Hi everyone! The summer is finally coming to a close and I am excited to share all that I have learned from my time as a Backyard Brains fellow with you. If you’ve been here since the beginning, thank you so much for following along with me and my squiddos for the past ten weeks and if not, feel free to check out my previous two blog posts to see how we got to this point.

If you missed them… my first post Behavioral Study of Baby Squids and my second post Recording the Behavior of Squid Hatchlings

Honestly what even happened to me this summer

At the end of my last blog, I had finally gotten a recording box setup that worked well for me, and software that successfully tracked the squid over time. I was pondering what I wanted my final experiment with the squid to be and what I would test them for as they developed. I think that the most interesting part of the project was to be able to relate my experiments to actual conditions that the squid would experience in the ocean so that we could reveal something about the early lives of longfin inshore squid.

With that in mind, I first asked a very simple question. Do the squid prefer to be at the surface of the water or further down? In order to test this, I first put LEDs above the squid in the experimental tank and set them to produce very low light, around 100 lux. I found that the squid stayed right up at the top of the tank, and appeared very attracted to the light. Next, I ordered a really intense flashlight off of Amazon which according to the product description can be used for ‘calamity search and rescue.’ Super hardcore. I proceeded to blind all my intern friends and abuse the strobe function on the flashlight before getting down to experimenting.

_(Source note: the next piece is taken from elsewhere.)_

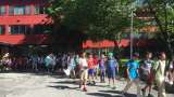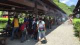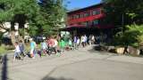 昼食の時間になりました。 子どもたちが続々と集まってきました。 子どもと引率者で...
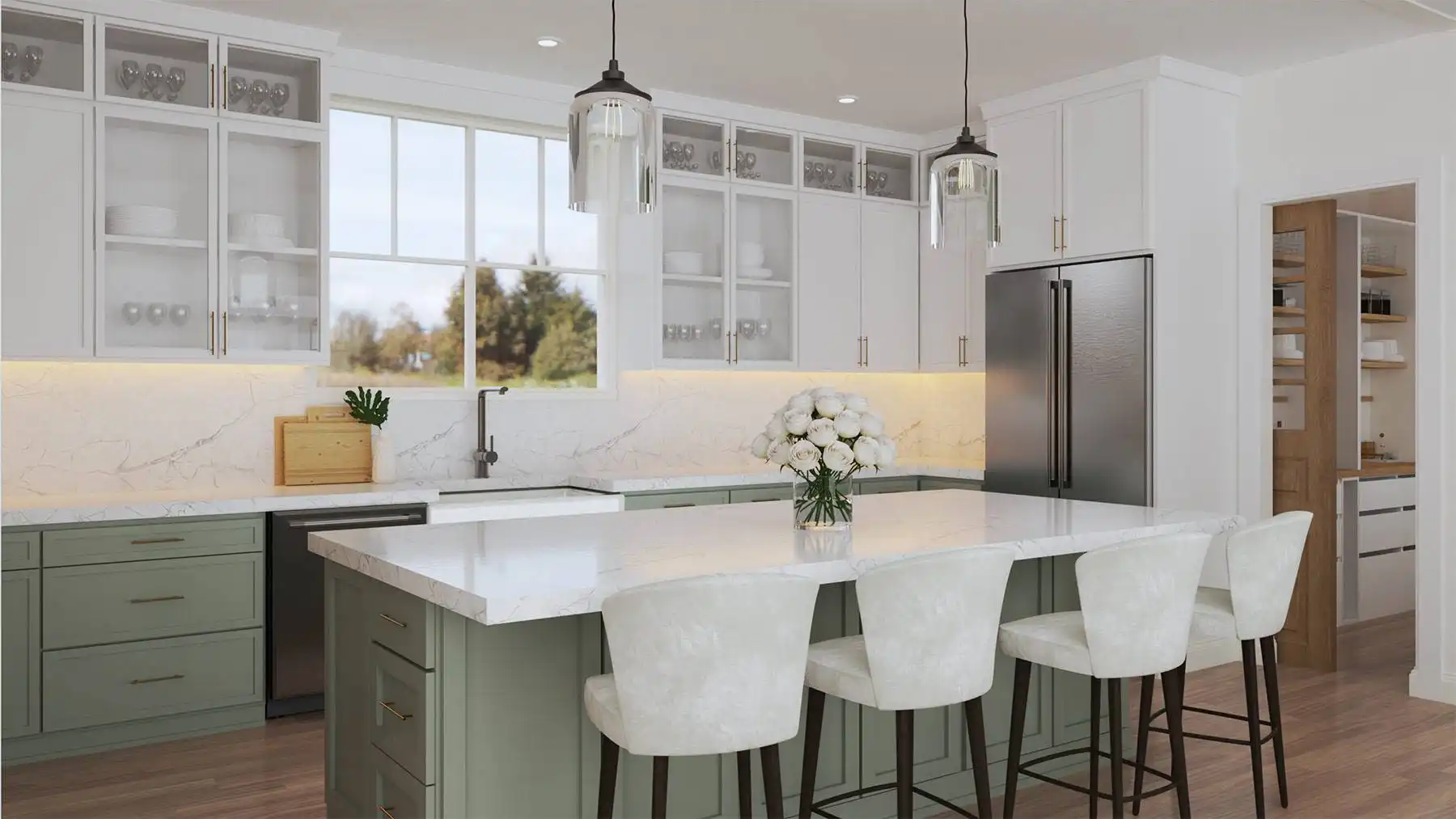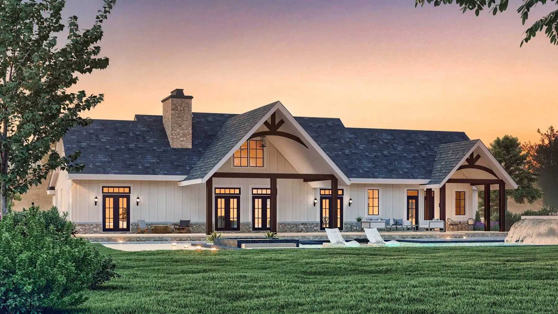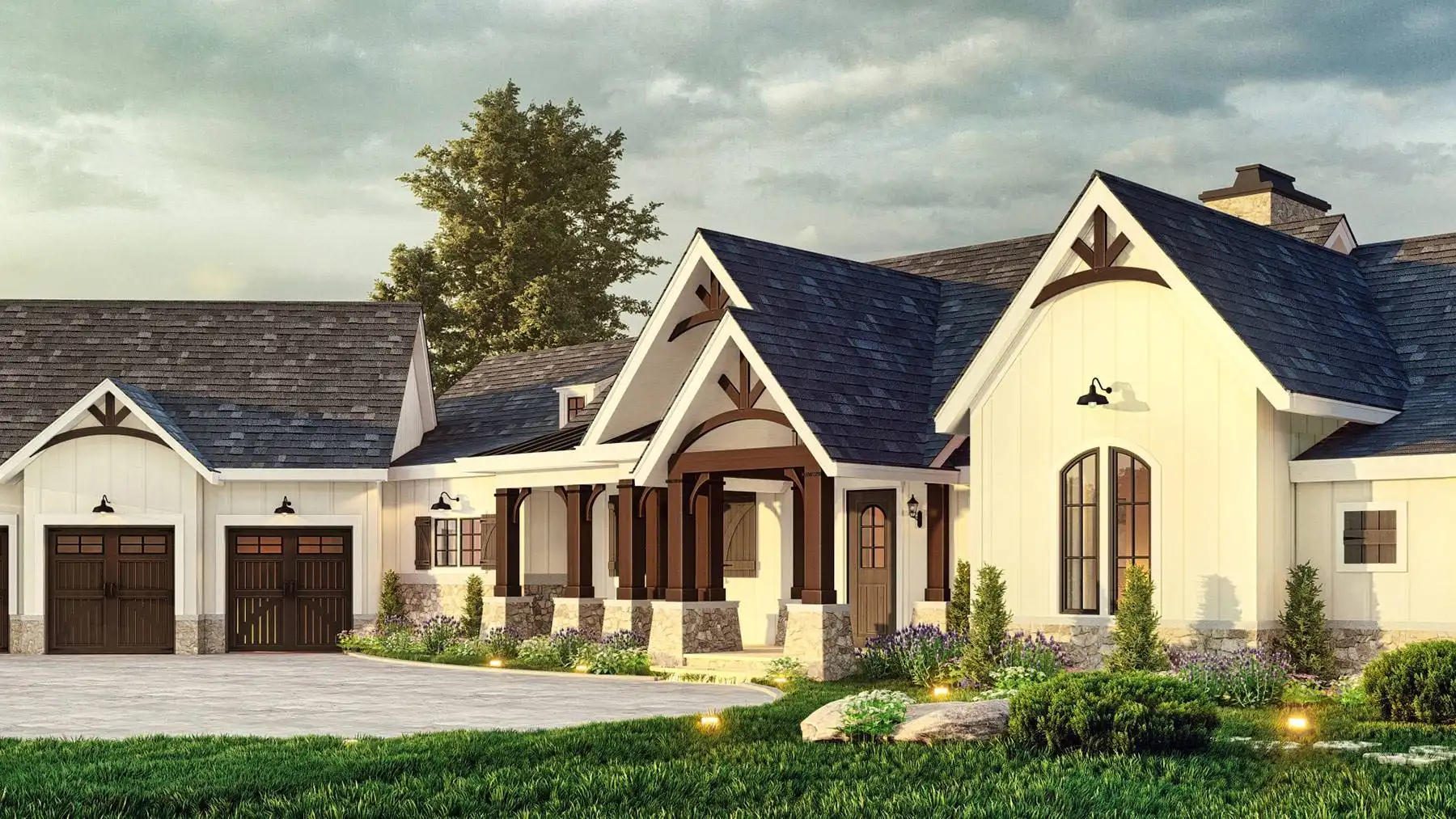 House Plan 4686 is a wonderful ranch made for taking in rear views, so give it your consideration if you're building near a lake or on acreage! This 2,537-square-foot design has 3 bedrooms and 2.5 bathrooms in a thoughtful layout that checks the boxes for today's families. First up, there's a powder room directly off the foyer. Step inside and the open living spaces are comprised of the two-story great room, dining area, and the U-shaped island kitchen. A gallery hallway connects the whole house and places the luxurious master suite on one end and the other two bedrooms and their bathroom on the other. If you need more space than this, just imagine what you could do with the bonuses upstairs. House Plan 4686 delivers what so many people are looking for and the chance to finish additional spaces to their own exact specifications!

Sunlight on a very bright day is around 120,000 lux, which is around the intensity of my flashlight. By placing it on top of the squid tank, I mimicked the experience that the squid would have should they swim right at the surface of the water. What I saw was pretty impressive; the squid dropped dramatically in the water and hung around the bottom until the light was turned off. This was especially interesting to me, because as you might have read in my previous post, squid are strongly negatively geotaxic. This means that they prefer not to be low in the column of water if they can help it, so seeing this reaction must mean that the squid have a very strong instinct to stay away from bright sunlight.

I saw this same behavior across different ages of squid and I believe that it is a pretty general response. While this was an interesting and informative experiment, it seems a little broad. We’ve learned that squid of all ages don’t like SUPER SUPER bright light and they do like SUPER SUPER dim light, but what about the kinds of light in between?

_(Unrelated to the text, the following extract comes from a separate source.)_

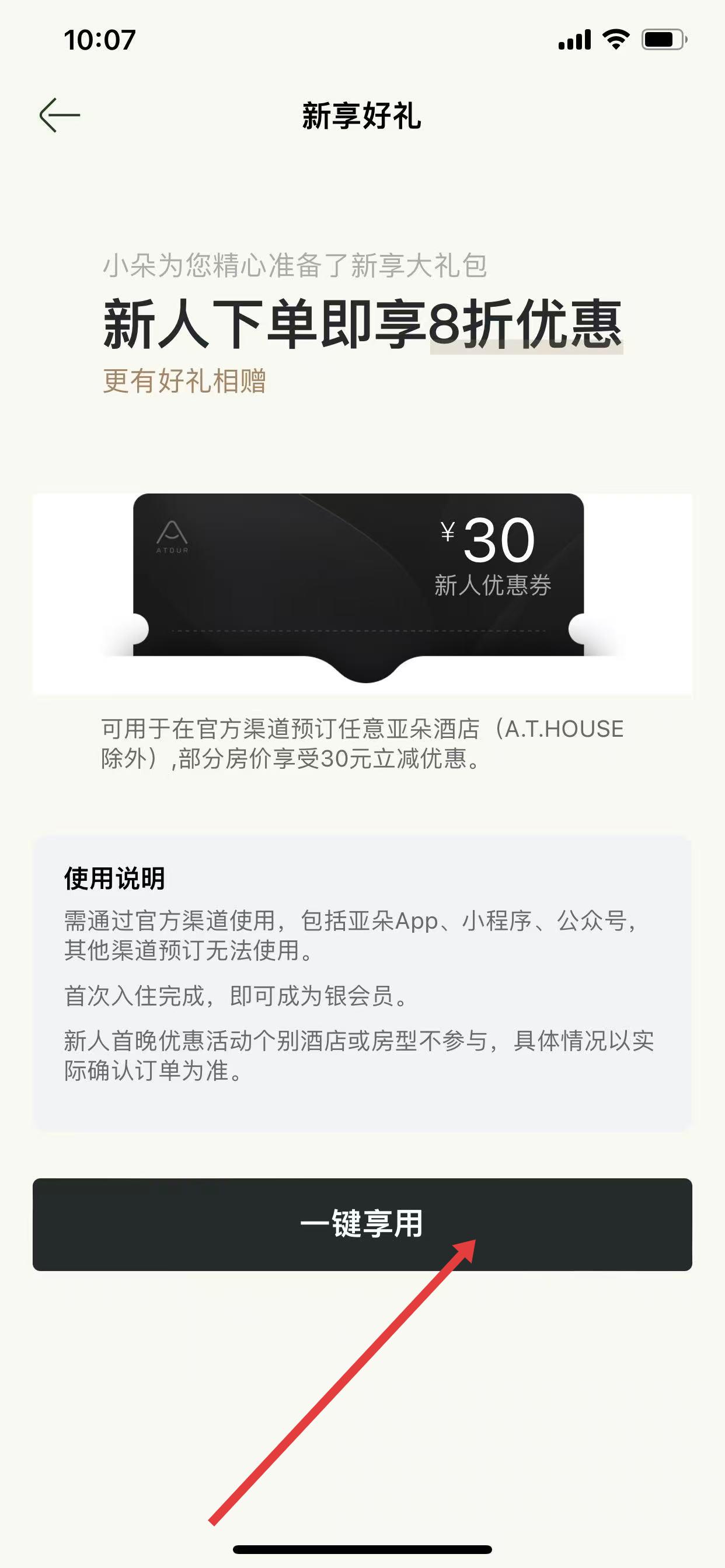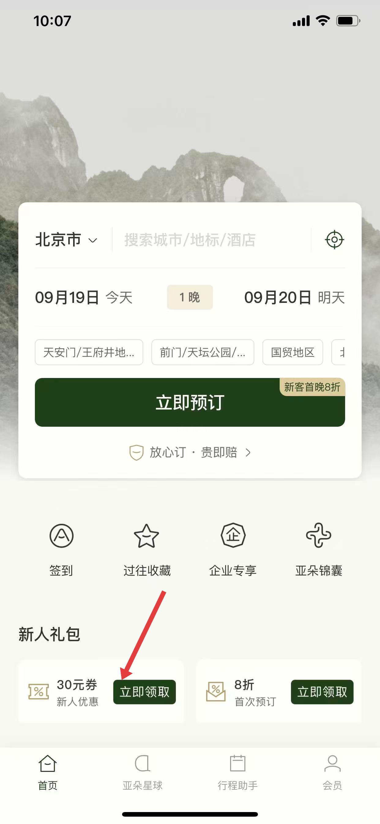 1、打開(kāi)亞朵APP,在首頁(yè)新人禮包板塊領(lǐng)新人優(yōu)惠券。

This is where my idea to film the squid moving right to left came into play. I became very obsessive about checking my eggs every hour to see if they had hatched, so I could be sure to test the squid under different conditions in their very first hours of life. I tested each group with 100 lux, 600 lux and 1,200 lux light shining from the right. I first tested the groups within 24 hours of hatching, and tested them again when they were 48 hours old.

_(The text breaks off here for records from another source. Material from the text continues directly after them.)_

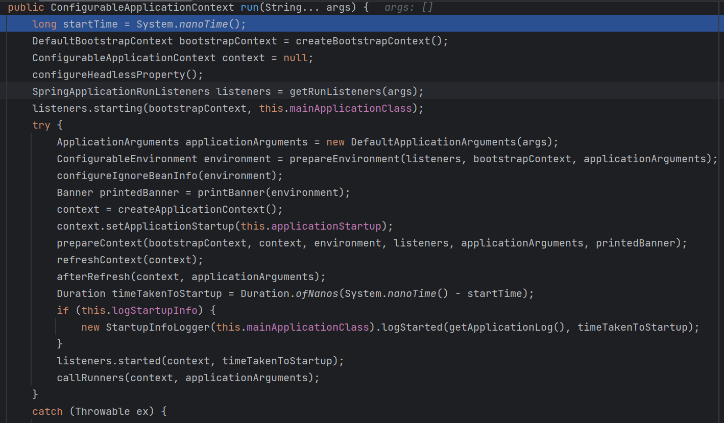 我们追溯SpringApplication.run方法的源码,会看到如下run方法,这个方法就是比较核心的启动流程了。
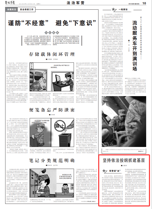 法者,治之端也。基层作为部队全部工作和战斗力基础,其建设成效直接关系到军队履行使命任务的能力。当前,有的基层单位仍旧习惯于经验式、运动式、命令式抓建,长此以往,“纸上的法律”终难成为“行动中的准则”。唯有严格依法依规行事,才能确保基层建设方向正确、推进有序,为提升战斗力筑牢根基。
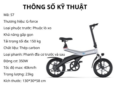 Xe đạp điện trợ lực G-Force S7 với thiết kế gấp gọn hiện đại, động cơ 350W mạnh mẽ và tốc độ tối đa 40 km/h, mang lại sự linh hoạt và hiệu quả cho mọi hành trình. Khung xe thép carbon bền bỉ, tải trọng tối đa 150 kg, cùng hệ thống phanh đĩa cơ an toàn và phuộc lò xo êm ái, S7 là lựa chọn lý tưởng cho những ai yêu thích sự tiện lợi và phong cách trong cuộc sống đô thị.
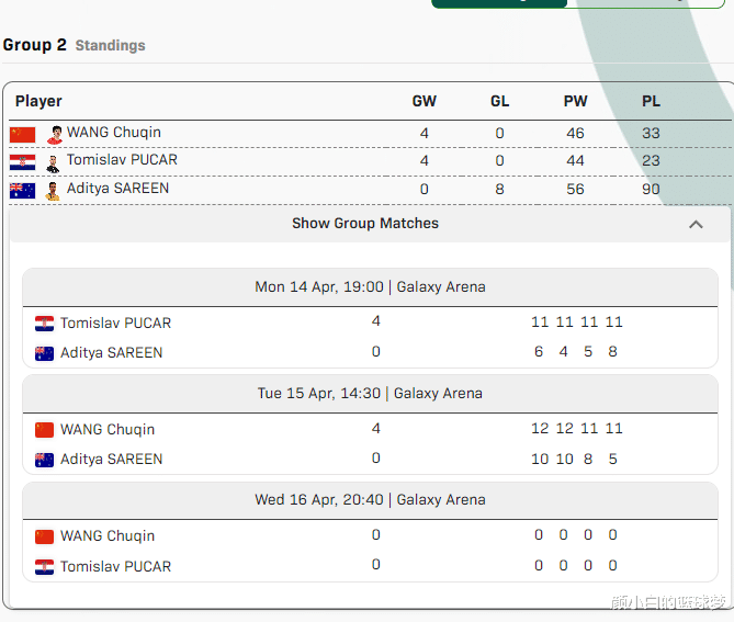 王楚钦第一战是4-0萨琳,托米斯拉夫·普卡也是4-0萨琳,所以这场比赛王楚钦与普卡谁赢谁晋级,如果两人是2-2平就要比小分,球迷们当然希望王楚钦是二连胜晋级。
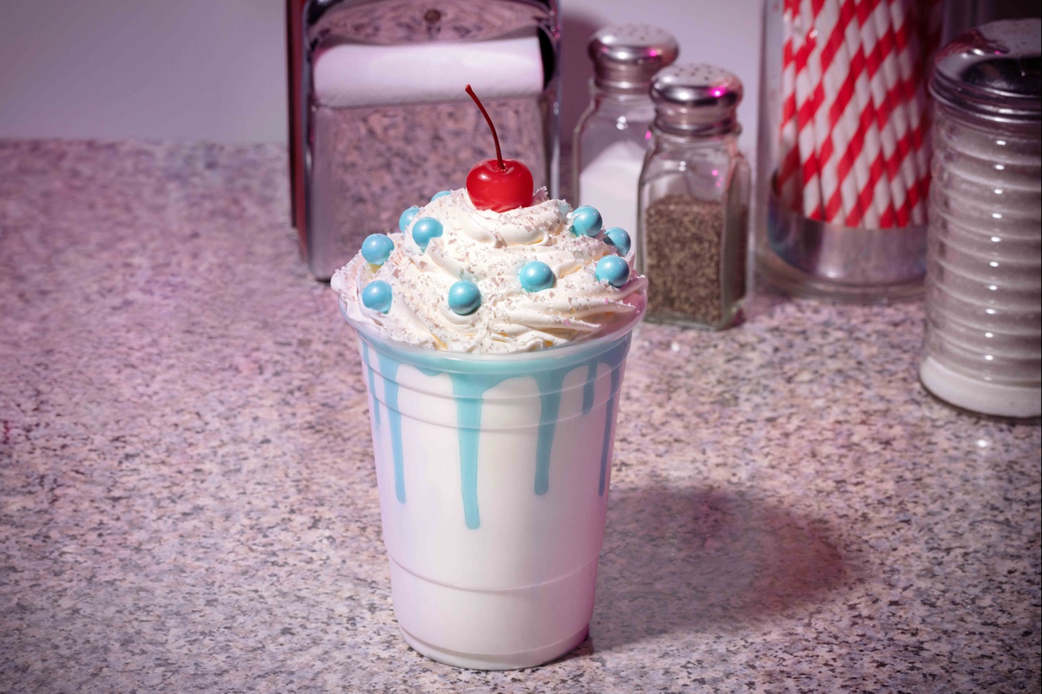 - Time Traveler’s Malt Shake: Vanilla ice cream, blue raspberry sauce and whipped cream topped with blue and silver sprinkles with a cherry on top
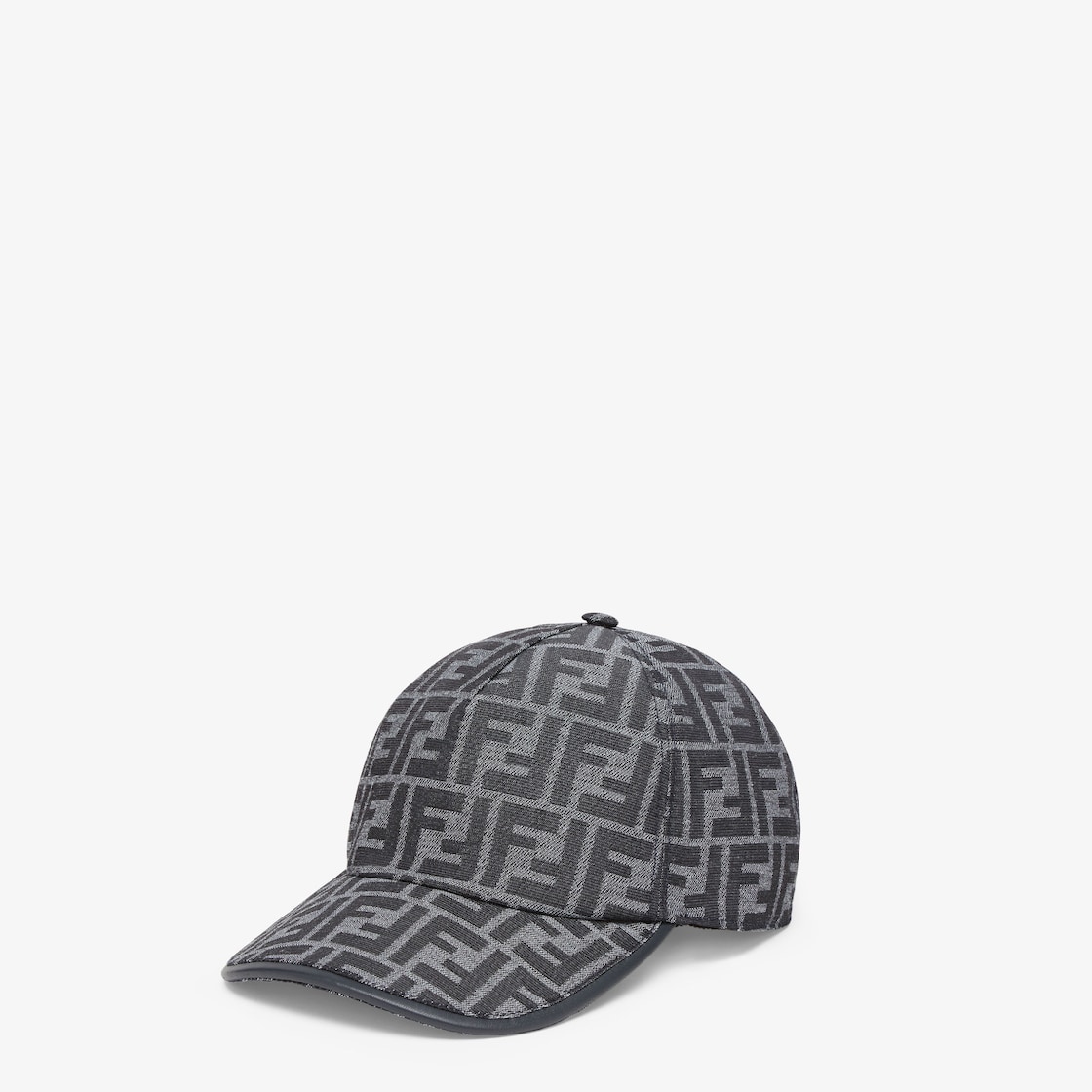 Baseball cap with semi-stiff peak in jeans blue-coloured FF jacquard. Embellished with metal Fendi lettering on the back strap.

The first result was similar to what I learned from the surface-light experiment which was that the squid are attracted to 100 lux light. In both age groups, there was a strong movement towards the LED as soon as it turned on, and clustering around the light for the entire duration of the video.

The result of the next experiment was totally different. Under 600 lux light, the newly hatched squid had a totally random response and were not attracted to the light source at all. After two days, the same group of squid would respond very strongly to the light and move right towards it.

Under 1,200 lux light, the young squid also did not respond and the older squid were somewhat attracted to the light, but less than they were to the 600 lux light.

So what does all of this mean??? We can only guess. It is apparent that in all age groups, squid are attracted to conditions that are dimly lit, probably because this is a safe location for avoiding predators. The differentiation of response is more interesting, however. In order to understand why younger squid are more repelled by bright light, we can consider the early migration patterns of the squid. While they are born at the coastal shelf of the ocean, the squid quickly move out towards the open ocean within their first few days of life.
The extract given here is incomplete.